# more pics



## pinkjell (Apr 22, 2010)

since the site went down i thought i would resubmit some pics of my bettas and their homes, as well as some new betta pics.

The glass boxes were from mykiss, and out of all the small containers/bowls/homes i have bought for my bettas, these are by far the best. I have found these to be good in that there is little water loss due to the lid, and the water has remained quite clear for over a week, which helps when you have so many to clean. The one thing that i would probably do is drill a small hole in all the lids so when your feeding you can just drop the food in. Ill get to that one day.

http://i304.photobucket.com/albums/nn176/pinkjello900/HPIM5084.jpg

This is my new betta - currently with the name Grant LOL..anyways, cruddy pic but you can see the colors - black head, blue body, first part of fins green, and the rest while. The pictures doesnt do him justice at all.

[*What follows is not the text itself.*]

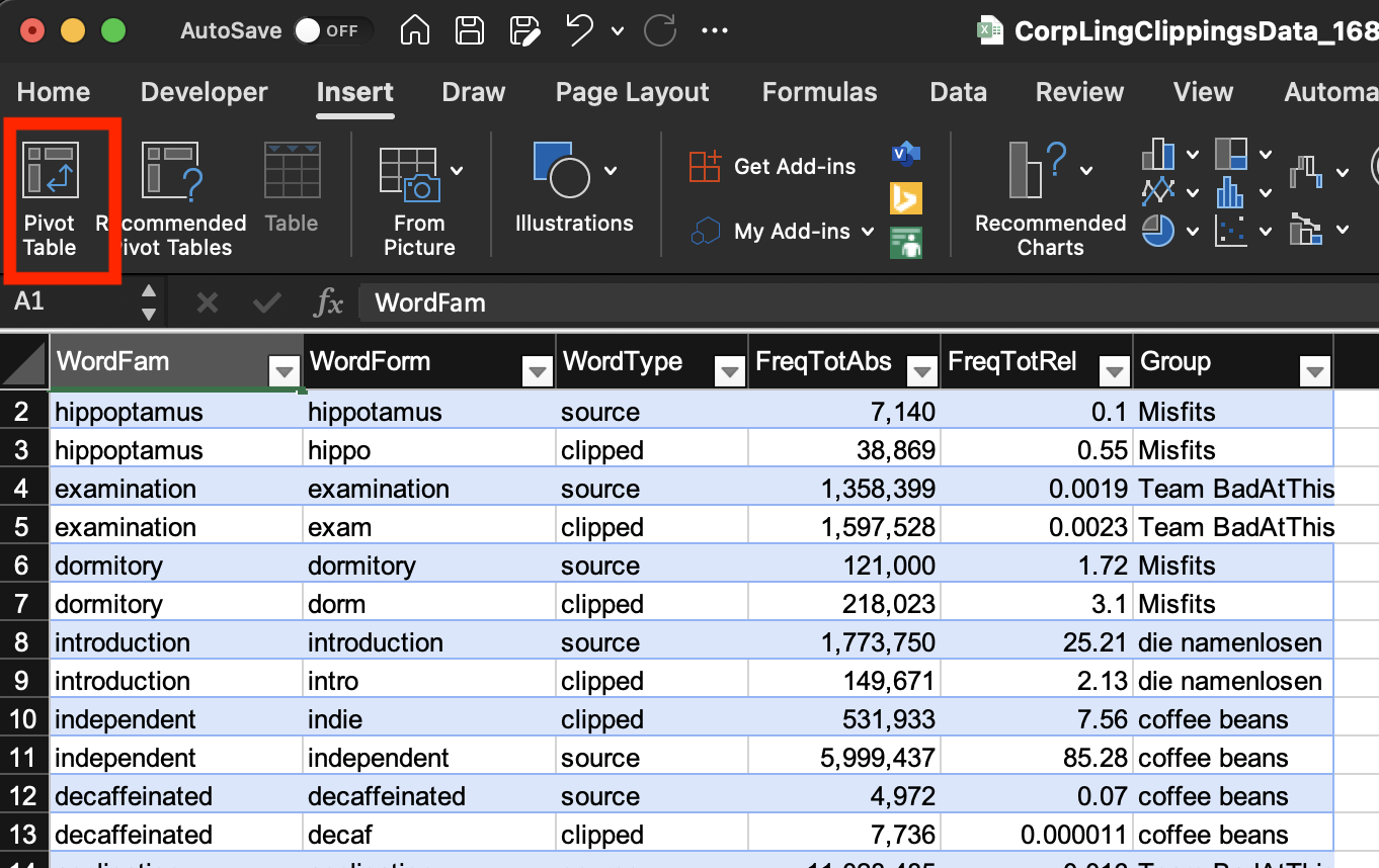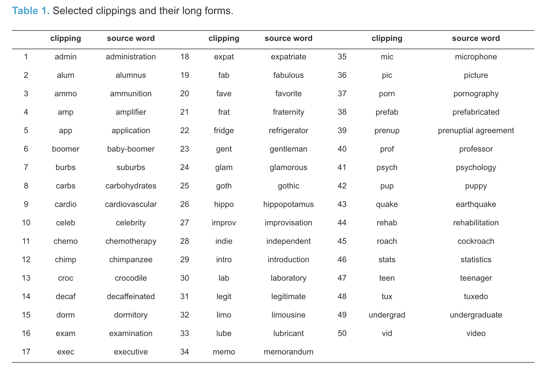 - Compare the source word (e.g., brother) with the clipped form (e.g., bro).

http://i304.photobucket.com/albums/nn176/pinkjello900/HPIM5188.jpg

my camera makes his fins look all blue, but they are a beautiful white.
http://i304.photobucket.com/albums/nn176/pinkjello900/HPIM5264.jpg

http://i304.photobucket.com/albums/nn176/pinkjello900/HPIM5202.jpg

http://i304.photobucket.com/albums/nn176/pinkjello900/51935203.jpg


----------



## TomC (Apr 21, 2010)

I like the pyramid of tanks.


----------



## pinkjell (Apr 22, 2010)

i do too..and im in the need for another 10..

im going to Island pets tonight so ill see if i can get you two goldfish - ill call you if i get some. 

ttys


----------